● **Provided material**:
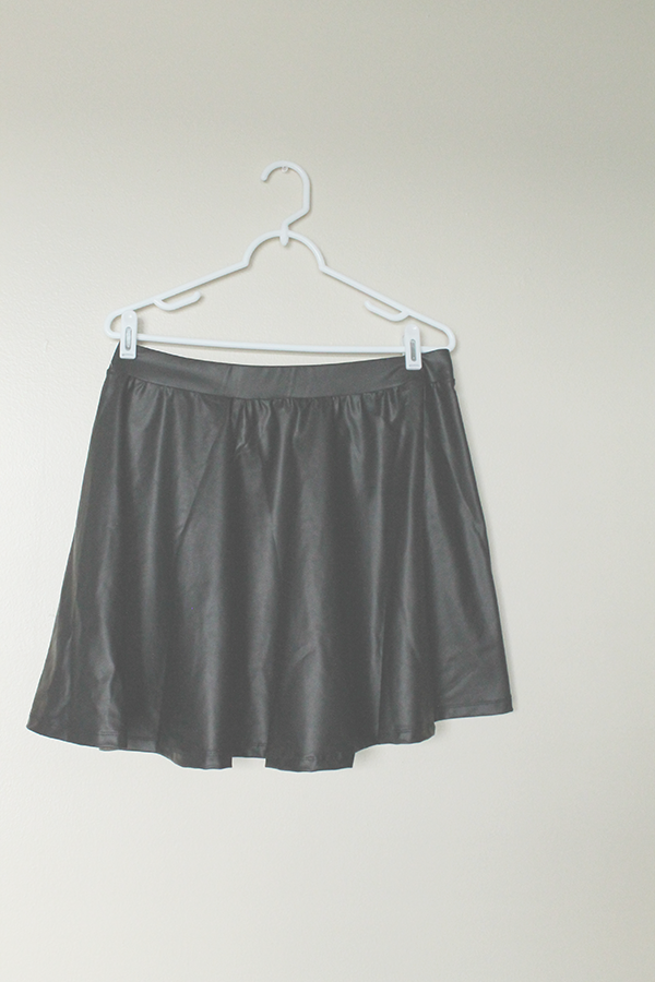 If you remember, or if you've been reading for a while, I had a faux leather skirt that I loved to death. Unfortunately, the zipper snagged and completely ripped the fabric, which was a heartbreaking moment. It took me close to a year to replace it, but I finally did, with this beaut. Just a plain, simple faux leather skater skirt from Forever 21. And, for under $10? I can dig it.
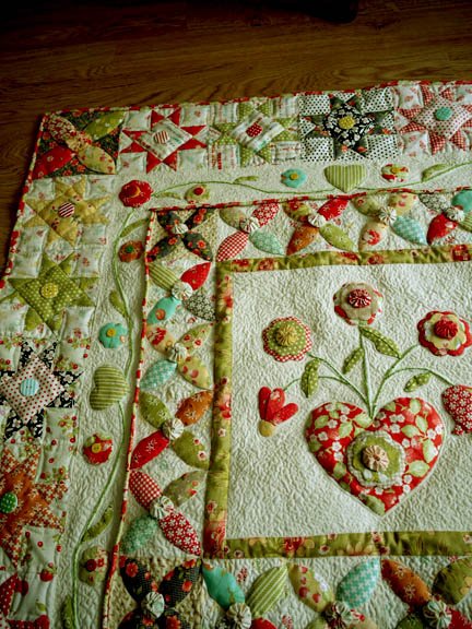 This quilt was total serendipity. It is made from the scraps from another quilt - mostly Moda Fig Tree. I love hand applique, so I started out by drawing the central motif and then just added additional borders to the quilt. I adore Ohio Stars and Orange Peel blocks, so added those, as well. There was no planning involved, I am embarrassed to admit - the quilt just happened. I added buttons and yo yo embellishments. As the quilt is so busy, I decided to keep the quilting simple. It will probably not be everyone's cup of tea, but looking at it cheers me up!
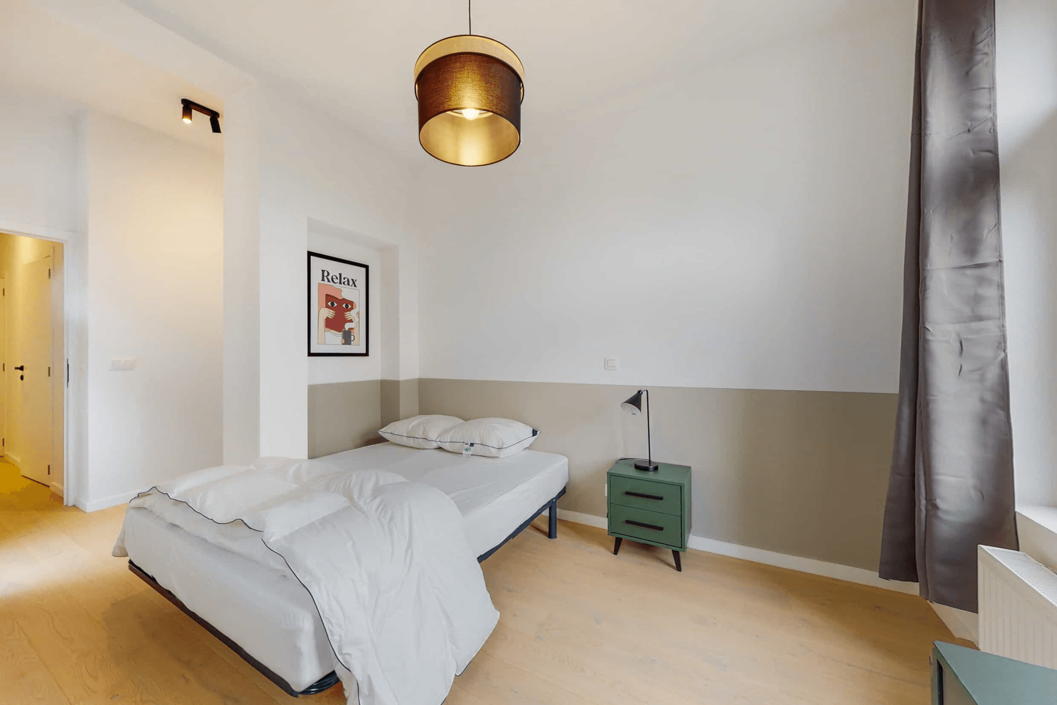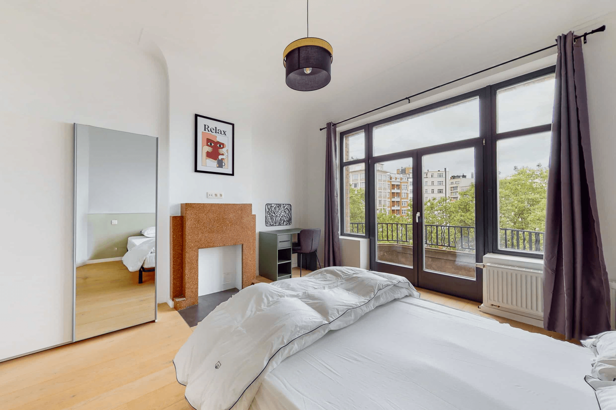 SCHAERBEEK, Quartier Meiser, à proximité de toutes les facilités, dans une petite copropriété de 4 lots - Bel APPARTEMENT duplex de 190m² (selon PEB) avec TERRASSES et DEUX CAVES, actuellement aménagé en colocation meublée de 6 chambres. L’appartement est composé comme suit : Au 3ème étage : Un hall d’entrée, 4 chambres toutes parfaitement meublées avec lit double, bureau individuel et armoire de rangement, 2 salles de douche dont une avec toilette, une toilette séparée, une buanderie et un balcon. Au 4ème étage (sous-combles) : Un séjour, une cuisine hyper-équipée avec coin repas, 2 chambres et deux terrasses de +/- 14m² et 7,5m². Au sous-sols : deux caves. PEB : D+. Chaudière individuelle au gaz. Electricité conforme jusque 2047. Précompte immobilier 2025 : 1477,08€. Zone non inondable. Revenu locatif actuel : 4780€/mois charges forfaitaires comprises. Idéal pour un investissement. À découvrir sans tarder chez L&P !
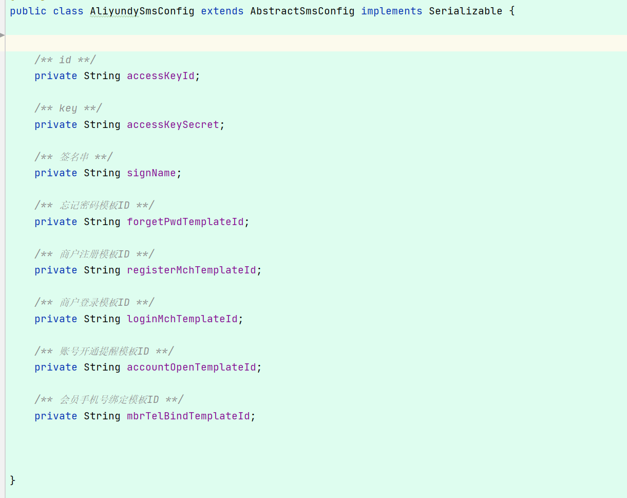 - AbstractSmsConfig中添加对应的获取实现:

● **Problem details**:
Once the pictures are removed, copy the material above exactly.

● **Solution to this exercise**:
 If you remember, or if you've been reading for a while, I had a faux leather skirt that I loved to death. Unfortunately, the zipper snagged and completely ripped the fabric, which was a heartbreaking moment. It took me close to a year to replace it, but I finally did, with this beaut. Just a plain, simple faux leather skater skirt from Forever 21. And, for under $10? I can dig it.
 This quilt was total serendipity. It is made from the scraps from another quilt - mostly Moda Fig Tree. I love hand applique, so I started out by drawing the central motif and then just added additional borders to the quilt. I adore Ohio Stars and Orange Peel blocks, so added those, as well. There was no planning involved, I am embarrassed to admit - the quilt just happened. I added buttons and yo yo embellishments. As the quilt is so busy, I decided to keep the quilting simple. It will probably not be everyone's cup of tea, but looking at it cheers me up!
 SCHAERBEEK, Quartier Meiser, à proximité de toutes les facilités, dans une petite copropriété de 4 lots - Bel APPARTEMENT duplex de 190m² (selon PEB) avec TERRASSES et DEUX CAVES, actuellement aménagé en colocation meublée de 6 chambres. L’appartement est composé comme suit : Au 3ème étage : Un hall d’entrée, 4 chambres toutes parfaitement meublées avec lit double, bureau individuel et armoire de rangement, 2 salles de douche dont une avec toilette, une toilette séparée, une buanderie et un balcon. Au 4ème étage (sous-combles) : Un séjour, une cuisine hyper-équipée avec coin repas, 2 chambres et deux terrasses de +/- 14m² et 7,5m². Au sous-sols : deux caves. PEB : D+. Chaudière individuelle au gaz. Electricité conforme jusque 2047. Précompte immobilier 2025 : 1477,08€. Zone non inondable. Revenu locatif actuel : 4780€/mois charges forfaitaires comprises. Idéal pour un investissement. À découvrir sans tarder chez L&P !
 - AbstractSmsConfig中添加对应的获取实现:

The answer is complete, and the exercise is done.